[LISTED RECORDS]:
────────
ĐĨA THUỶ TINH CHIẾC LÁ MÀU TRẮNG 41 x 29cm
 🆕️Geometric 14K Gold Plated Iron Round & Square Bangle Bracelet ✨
────────
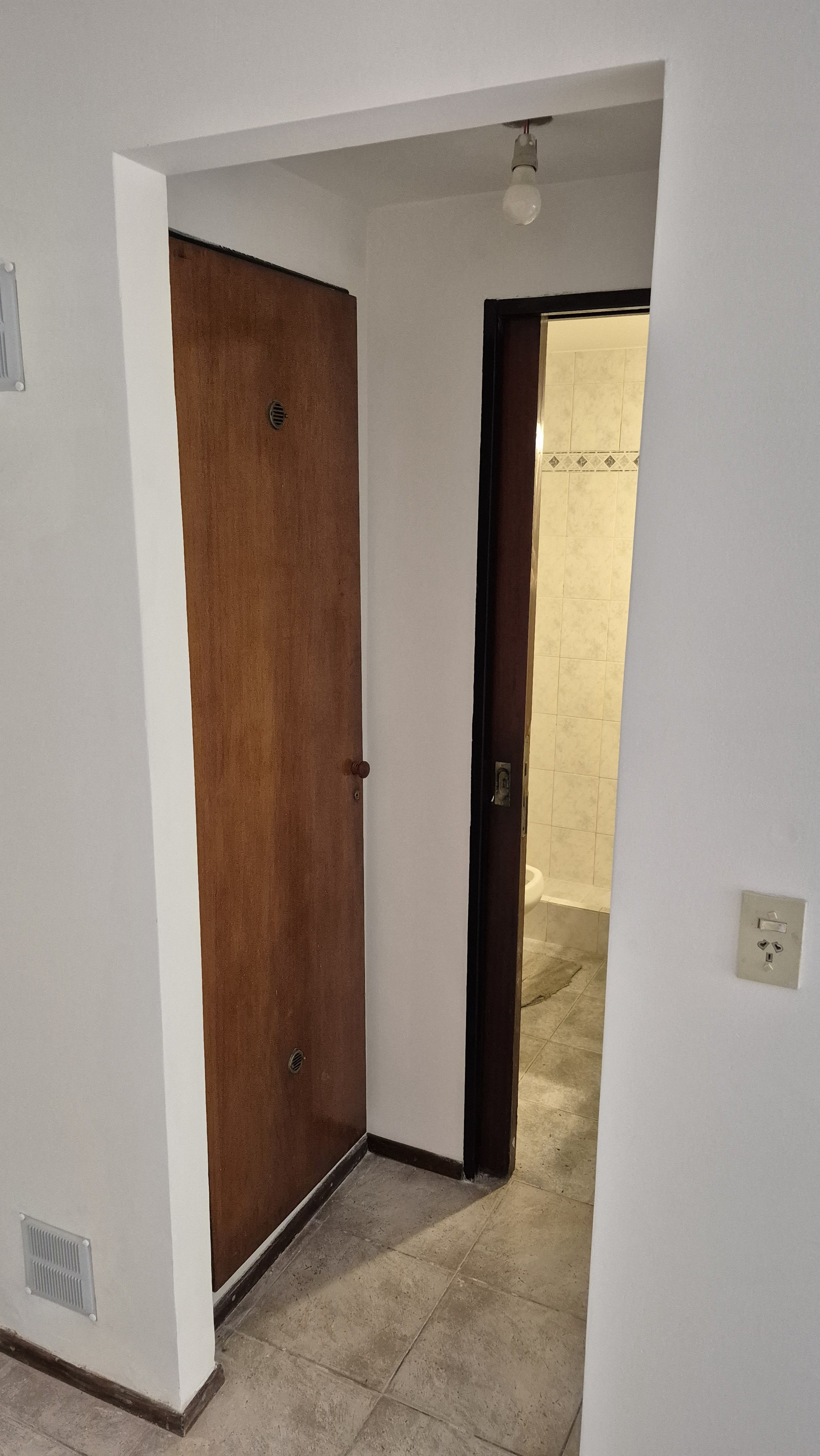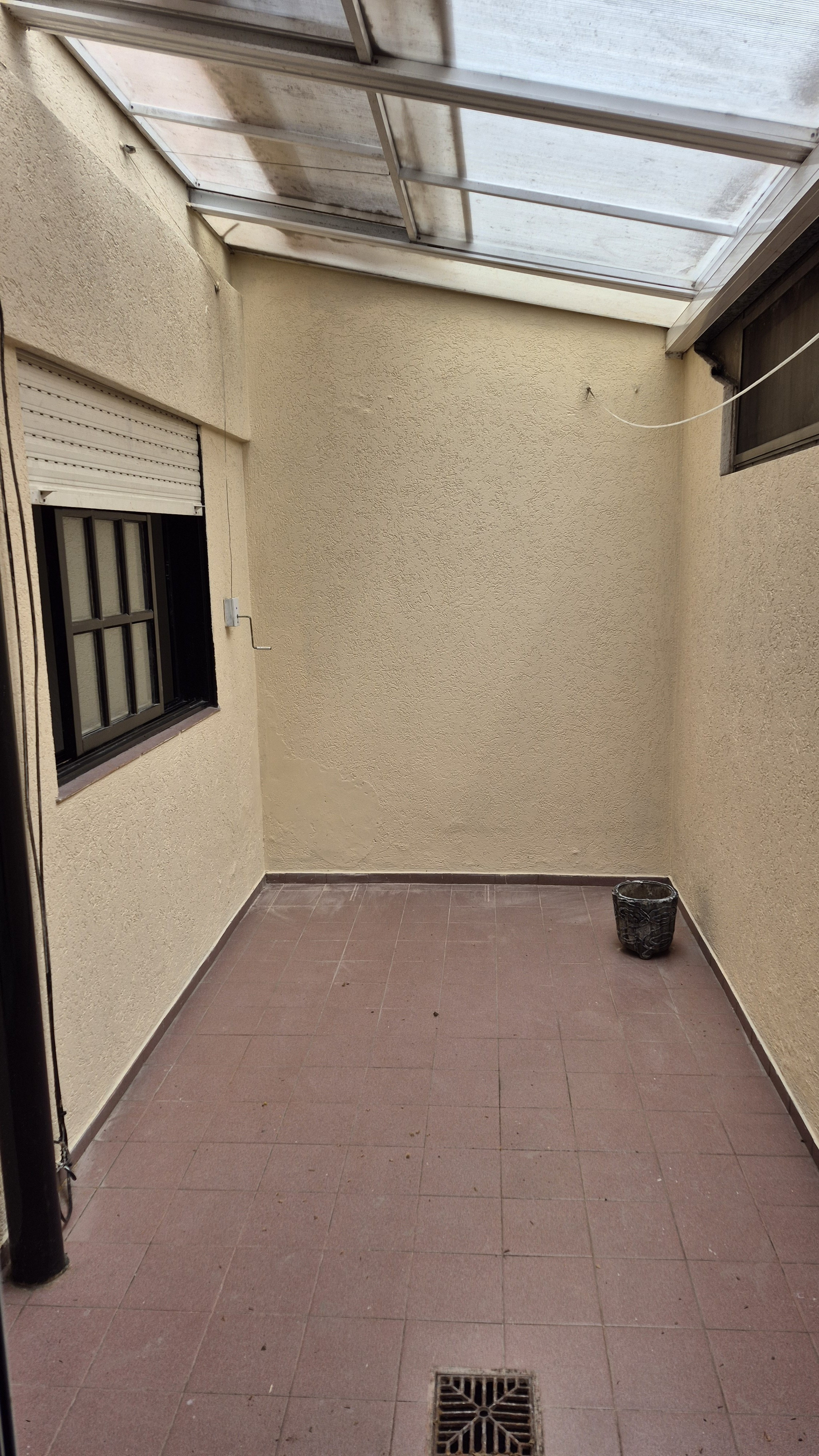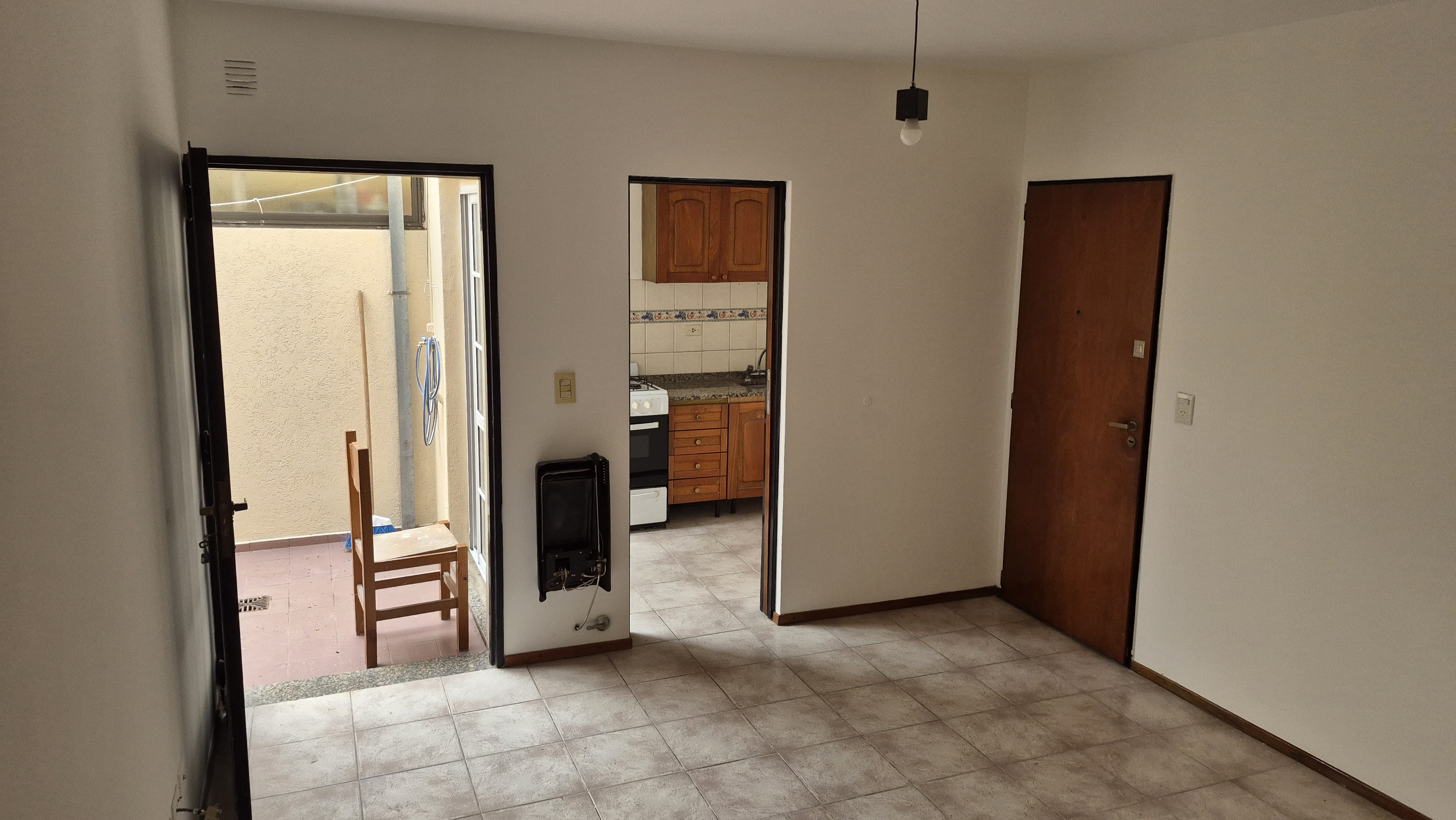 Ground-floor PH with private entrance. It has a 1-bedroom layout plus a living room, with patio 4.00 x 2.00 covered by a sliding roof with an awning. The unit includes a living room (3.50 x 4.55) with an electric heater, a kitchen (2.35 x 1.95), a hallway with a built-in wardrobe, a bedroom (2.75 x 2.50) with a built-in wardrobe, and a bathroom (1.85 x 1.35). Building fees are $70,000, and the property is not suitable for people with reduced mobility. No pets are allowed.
────────
[TASK PROMPT]:
Within the listing above, give again exactly every line from the line with "ĐĨA THUỶ TINH CHIẾC LÁ MÀU TRẮNG 41 x 29cm" through the line with "Bangle Bracelet ✨", both included, and no other line.

[YOUR SOLUTION]:
ĐĨA THUỶ TINH CHIẾC LÁ MÀU TRẮNG 41 x 29cm
 🆕️Geometric 14K Gold Plated Iron Round & Square Bangle Bracelet ✨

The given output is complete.